Palmer led an ensemble which displayed a strong attentiveness to the work, and exhibited good control over the acoustic challenges that the venue typically serves up to modern orchestras. Knowing when to diminish into a whispering pianissimo or unleash the reins of a fortissimo which threatened to shatter the pillars of the church, both vocalists and instrumentalists were lyrically and dynamically intuitive, and true to the composer's flair for high theatricality.

Any fan of Verdi would have felt an inner surge when the haunting strains of the lower strings drew in the beginning of the Requiem aeternam. Immediately enticing, it took no time weaving a visual narrative that left the listener in suspense, and the choir's segue provided a lush harmonic layer that departed beautifully into a section without instrumentalists. Peacefully sorrowful and sometimes hopeful, the choristers and musicians performed each segment as its own unique entity, but without any jarring transitions. It read like an opera overture, vast in its scope and almost light-hearted in its conviction. It wasn't until the Dies irae, when the full cavalcade of Death plummeted into battle with a thunderous brass and percussion section against choir and orchestra, that one finally grasped the extent of Verdi's anguish and his intoxication with the supernatural. Here was the answer to the foreboding motif in the strings at the beginning, and it was just as frightening. “Verdi's latest opera, in ecclesiastic dress,” declared pianist and conductor Hans von Bülow, a contemporary of the Italian maestro. Aptly put, for the musical narrative commanded a theatre to accompany it, though it lacked nothing without one. The longest movement in the mass, it was easily the most expansive, ranging from chaotic to triumphant and then at last, in the mystical Lacrimosa, breathtaking as if caught up in sheer wonder at the world.

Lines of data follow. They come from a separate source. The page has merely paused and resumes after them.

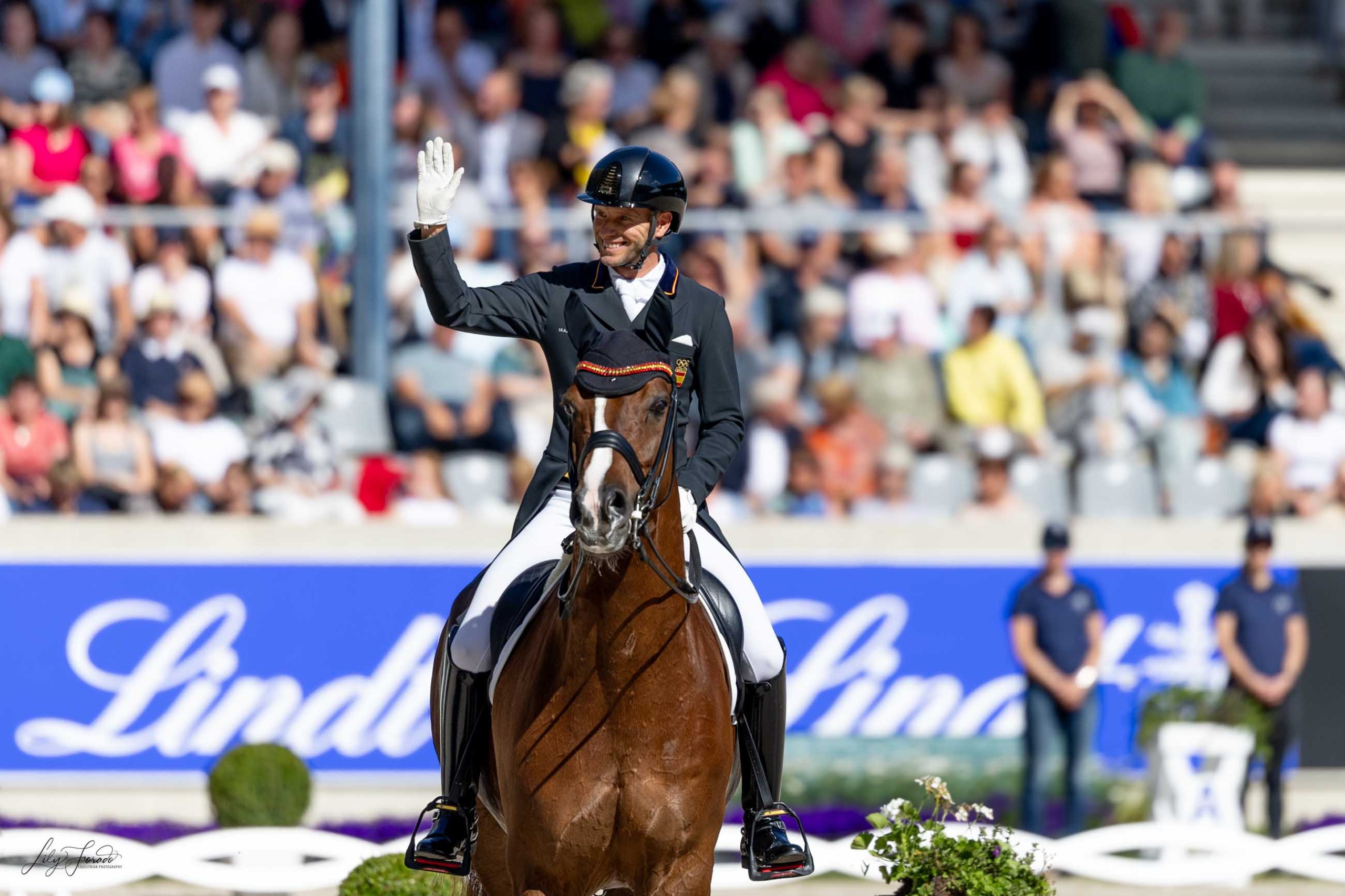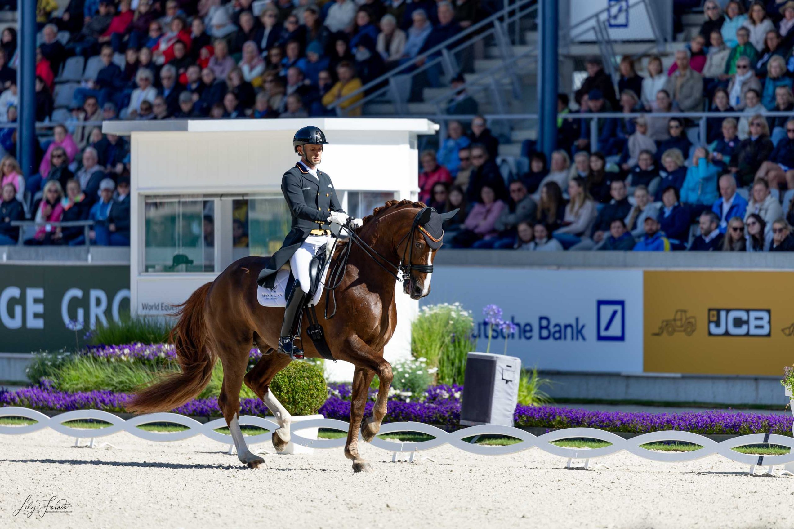 Juan Rodriguez con Meggle’s Boston realizó su debut de Aachen por todo lo alto puesto que fue uno de los 18 afortunados en encarar la línea central de la prueba musical. Al son de compendio de música clásica, el jinete español presentó una gran sinergia con su compañero. Los ejercicios de piaffe y passage fueron elegancia pura y sobre todo armonía en pista. Su nota final fue de 73.305%.
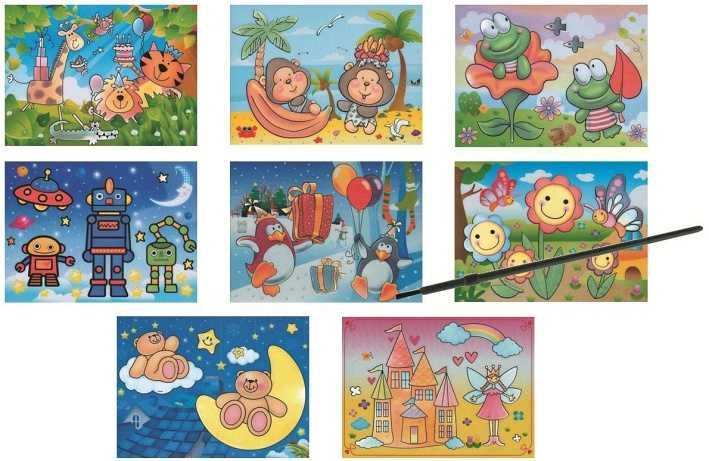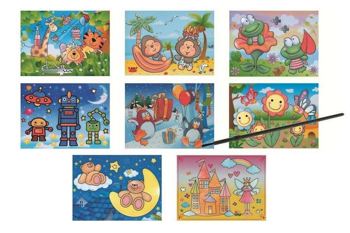 Malování vodou se štětcem 20x15cm MAGICKÉ MALOVÁNÍ VODOU! Maluj po bílé ploše a jako kouzlem se objeví pestrobarevný obrázek, po zaschnutí obrázek opět zmizí a můžeš malovat znovu. NÁVOD: Do kelímku s čistou vodou namoč štětec. Maluj po bílé ploše a jako
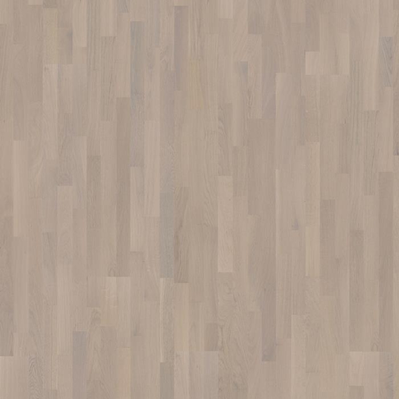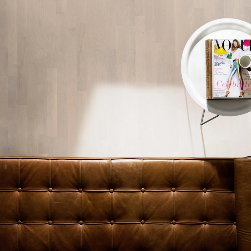 3-strip oak floor with a gentle white color, evoking Mediterranean chalked stone walls. Matt lacquered for a modern, classic, and timeless appearance.
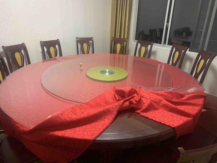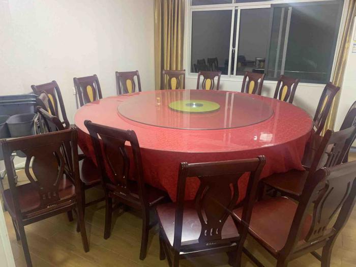 超低价!2.4米大圆桌,配套16个靠椅,有玻璃,1200元,用了一年不到,还有一个2米的  1000元,天目湖看货,非诚勿扰,谢谢!联系方式17715967778
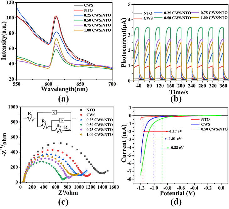 如圖5a所示,作者通過(guò)熒光發射光譜(PL)研究了所製備樣品中(zhōng)光生載流(liú)子的分(fèn)離情況。可(kě)以明顯觀察到,所有製備的材料在(zài)610 nm附(fù)近都有相似的峰(fēng),Cu2WS4/NiTiO3材料的熒光強(qiáng)度(dù)比Cu2WS4和NiTiO3樣品的熒(yíng)光強度(dù)低,說明Cu2WS4和NiTiO3的(de)耦合極大程度阻礙了光生載流子的複合。值得注意的是,0.50 Cu2WS4/NiTiO3樣品的峰強(qiáng)度最低,說明其具有最強的光生電子-空穴對的分離能力,利於其催化性能的提高。作者係統地測試了不同樣品的(de)光電流響應(i-t)和電化學交流阻抗(kàng)譜(EIS),來進(jìn)一步證明光生e-和h+的分離和遷移能力。上述數(shù)據(jù)表明,通過Cu2WS4與(yǔ)NiTiO3的耦合,能顯著提高光生載流子的分離效率,有利於催(cuī)化劑性能的提高。作者采用(yòng)線性掃描伏安法(LSV)研究了不同材料在光(guāng)照射下的光催化析(xī)氫起始電位。如圖5d所示,這(zhè)些數(shù)據證明,由於H+被快(kuài)速還原(yuán)為H2,所製備的(de)催化劑可以降低析氫的過電(diàn)位。總體而言,PL、i-t、EIS、LSV的研究結果(guǒ)驗證了Cu2WS4和NiTiO3的結合(hé)提高了光(guāng)生載流子的分離和轉移效率(lǜ)。
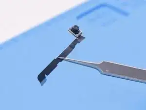 Возьмите блок фронтальной камеры пинцетом, осторожно, чтобы не оставлять отпечатков на датчиках.
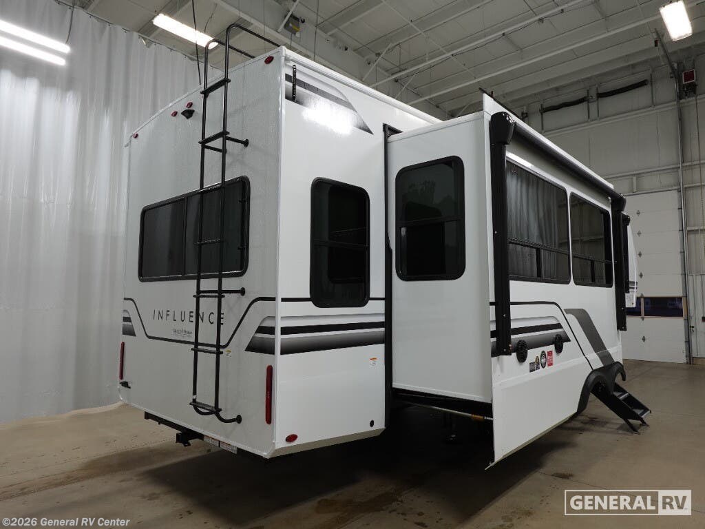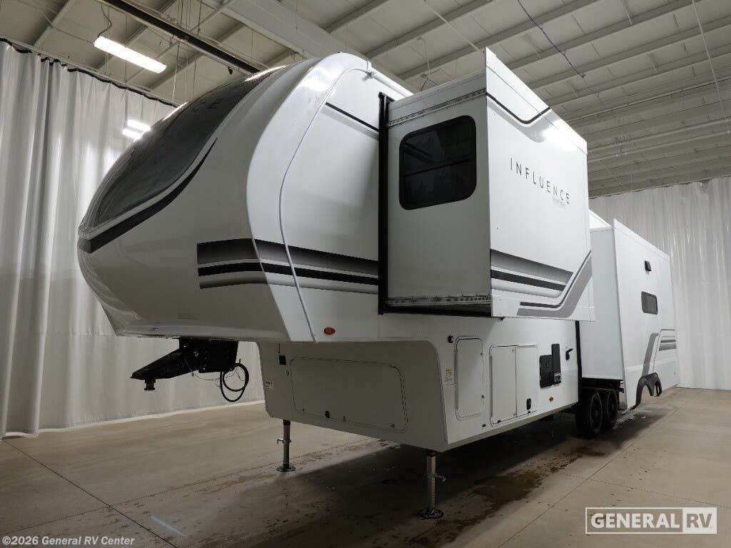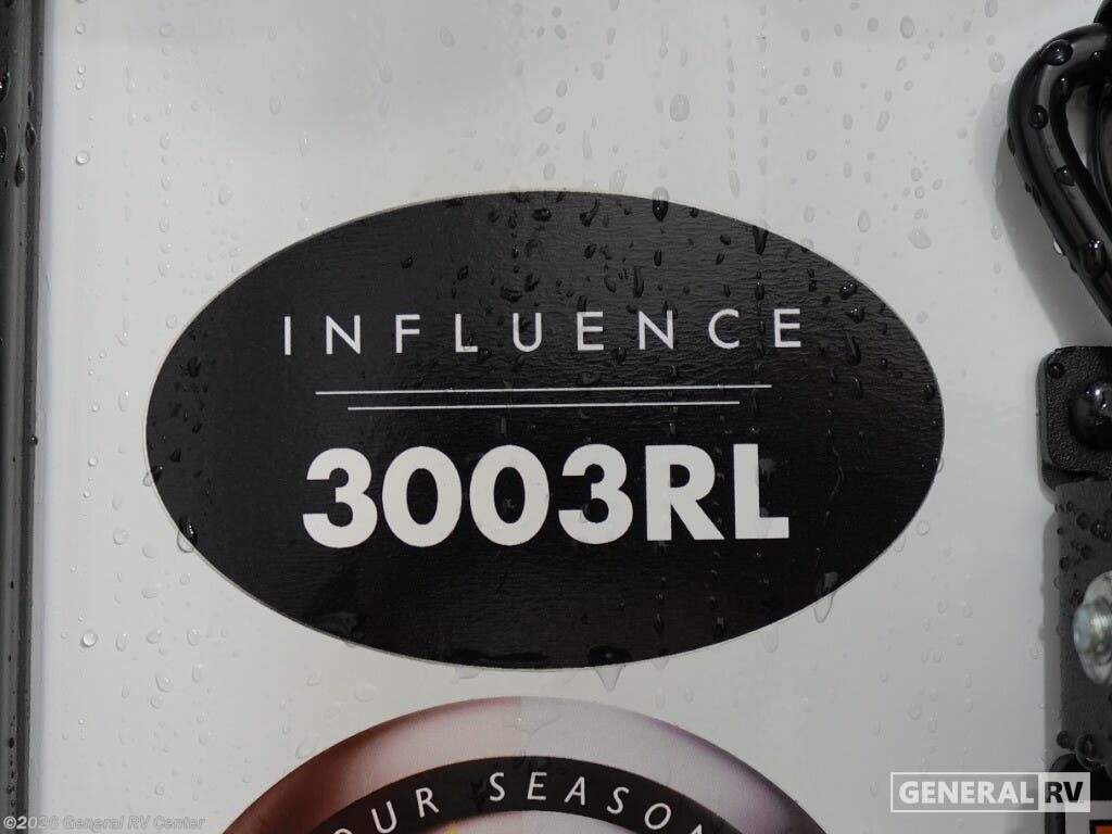 Grand Design Influence fifth wheel 3003RL highlights: Fireplace Kitchen Island Theater Seating Pass-Through Storage A perfect fifth wheel featuring triple slides and a tri-fold sofa for overnight guests! You will love the spacious interior thanks to the dual opposing slides in the main living and kitchen area. Here you will find a kitchen island in the center and plenty of seating with a free standing dinette, theater seating for movie night opposite the fireplace and entertainment center, as well as a tri-fold sofa. The kitchen offers all of the amenities just like home, a 16 cu. ft. 12-volt refrigerator for your perishables, and a hutch with an electronics drawer to keep your gadgets organized. There is even a pet dish under the refrigerator for your furry friends. The spacious full bath includes a 48" x 30" shower, dual linen closets, and an accessory drawer for necessities. You'll love the front bedroom with its king bed slide out, slide top dresser, front wardrobe with washer and dryer prep, plus a pass-thru clothes hamper between the bedroom and bath; how convenient! Any Grand Design Influence fifth wheel features five-sided aluminum cage construction with a walk-on roof and a fully enclosed underbelly with heated tanks and storage for all weather camping. For peace of mind, the MORryde CRE3000 Suspension system will provide safe and smooth towing, and the 101" widebody construction offers all the room you need and that is before multiple slides are fully engaged. You will appreciate the Keyed-Alike locks, slam-latch baggage doors with magnetic door catches, exterior security light, and SolidStep entry steps. On the inside, Congoleum flooring, premium roller shades for privacy, a hallway handrail for safety, and nightstands with USB ports to keep all of your electronics fully charged. You will also love the On Demand tankless water heater when showering, plus the added heat and ambiance from an electric fireplace, and so much more!
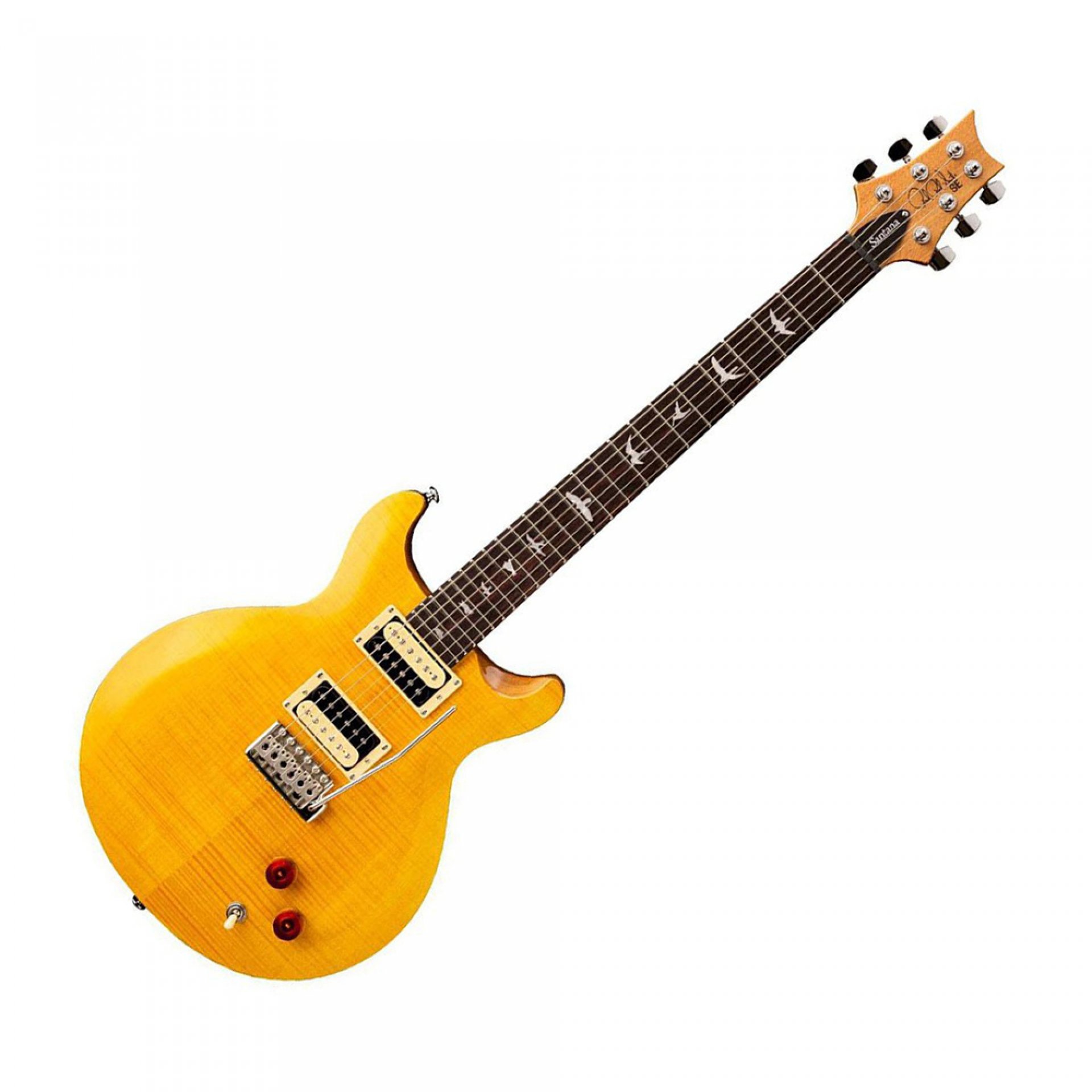 SE SANTANA 2018 electric guitar, with two PRS-SE Santana double coil magnets, Flamed Maple top, Mahogany body and neck, Wide Fat glued arm (neck set), Rosewood fingerboard with Bird Inlays, Santana Yellow color, PRS-Designed Tuners & Tremolo (bridge & keys).
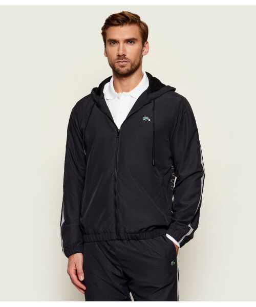 Het Lacoste Crocodile Print Trainingspak voor heren in het zwart is een must-have item voor het komende lente/zomerseizoen. Dit trainingspak heeft een capuchon en lange mouwen, waardoor het perfect is voor een sportieve look. De pasvorm is normaal en het materiaal is gemaakt van 100% polyester, wat zorgt voor een comfortabele en duurzame kwaliteit. Het trainingspak heeft een effen zwart patroon met een subtiele backprint van het iconische Lacoste krokodillenlogo. De ritssluiting en verschillende zakken, waaronder twee buitenzakken, twee zijzakken en zakken met rits, maken dit trainingspak zowel praktisch als stijlvol. Met dit Lacoste trainingspak ben je helemaal klaar voor een actieve dag!
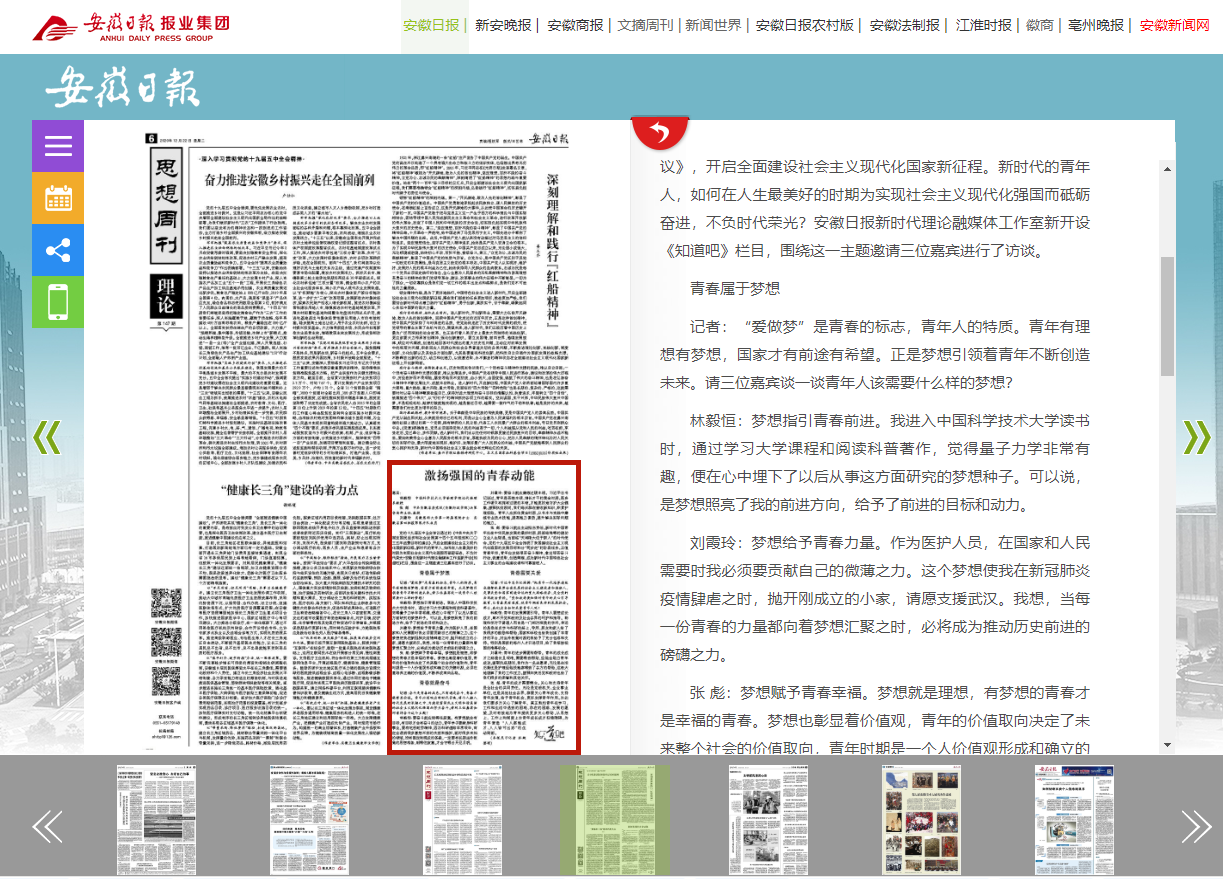 林毅恒:梦想指引青春前进。我进入中国科学技术大学读书时,通过学习大学课程和阅读科普著作,觉得量子力学非常有趣,便在心中埋下了以后从事这方面研究的梦想种子。可以说,是梦想照亮了我的前进方向,给予了前进的目标和动力。
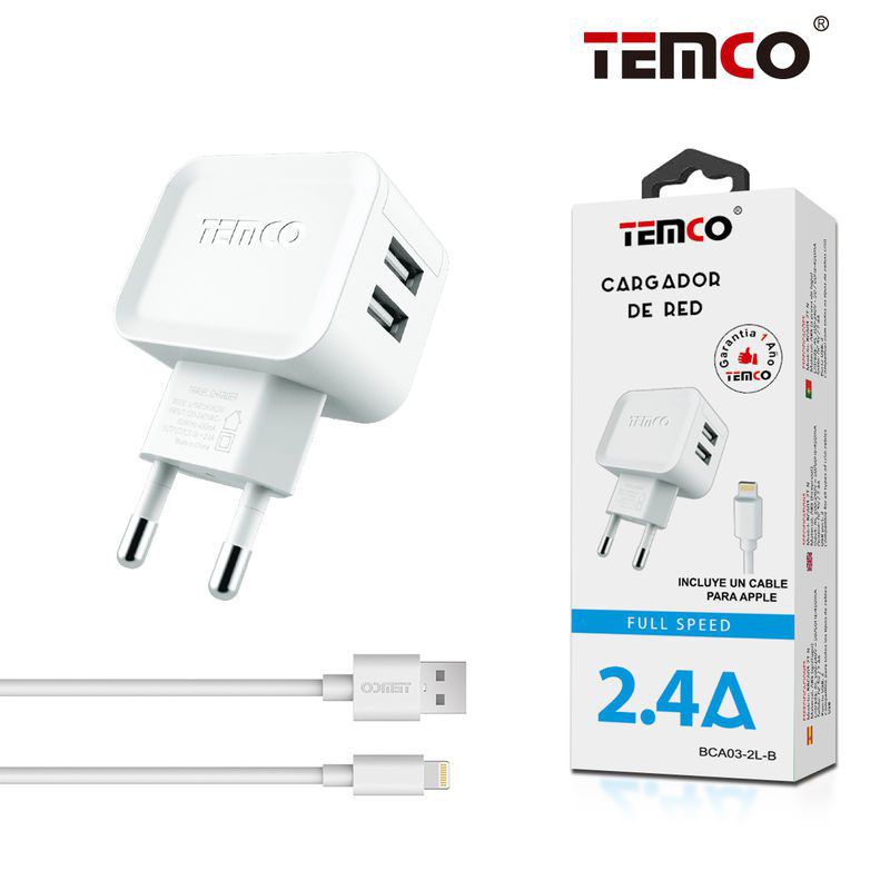Pack Cargador 2.4A + Lightning 2A 1m Blanco
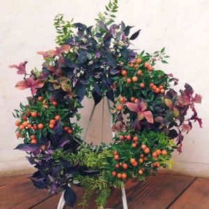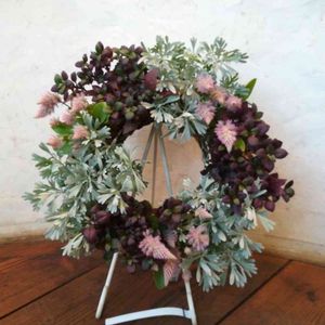 華やかな色合いのリング寄せ植えです。 アドベントクランツ風にアイアンスタンドに飾ってみました。
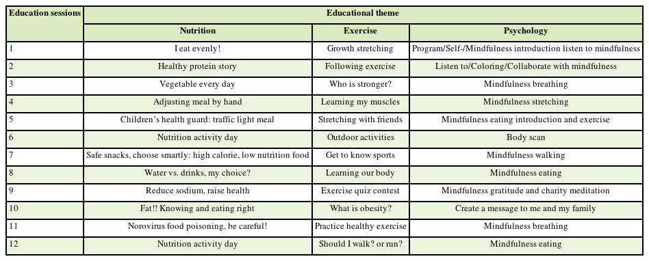 Keywords: Community childcare center; Multidisciplinary education; Nutrition education; Exercise education; Psychology education

Equally aware of the piece's operatic nature, mezzo-soprano Spicer was expressive in her contemplations of Judgement, as was Price, her bass counterpart. Yet arguably the most dramatic sequences were given to Seaton and Mee, whose range and depth were slightly stronger than their colleagues, though perhaps one might owe that to Verdi's obsession with soprano and tenor ranges, and his belief in their capacity to convey an elevated sense of spirituality. Seaton's full and pure timbre was seamless; at times, her power scaled the breadth of the cathedral from floor to rafter with the full ensemble at her heels; at other times, her solo note in the high register at piano volume held itself with angelic quality in the Offertory. Mee, whose career on the operatic circuit is impressively prolific, demonstrated his craft with passion and a full-bodied tone which was unparalleled – the task which Verdi had set out for him was fulfilled beautifully.

Other characters would play an important part in the mass, as well – the eerily arpeggiating bassoon, which would hang around the more menacing section of the Dies irae like a spectre; the gloriously uplifting horn complementing the tenor, and answered by the oboe in the later sections of the work; the tranquil flute solo that offered something consolatory in the Agnus Dei. Had the trumpets harnessed the vibrancy of their sound a little more tactfully and not exposed their fragile harmonics to the mercy of the acoustics, and the upper strings approached their tuning with more concentration, the performance would have been almost perfect. But these were fleeting moments, and the musicians adapted quickly – a feat that can be taxing under pressure.

There was a sense, at the ending, of reconciliation, of an ending journey. After descents into doom, funeral marches, victorious resurrections, unravelling fugues and meditative prayers, it was a pianissimo that laid the piece to rest in the Libera me. Verdi paid tribute and immortalised the memory of his hero, the Italian poet Alessandro Manzoni, to whom the work was dedicated – and perhaps it was the notion of epic verse, with its various trials and celebrations, which inspired the soundscape as much as the opera world itself.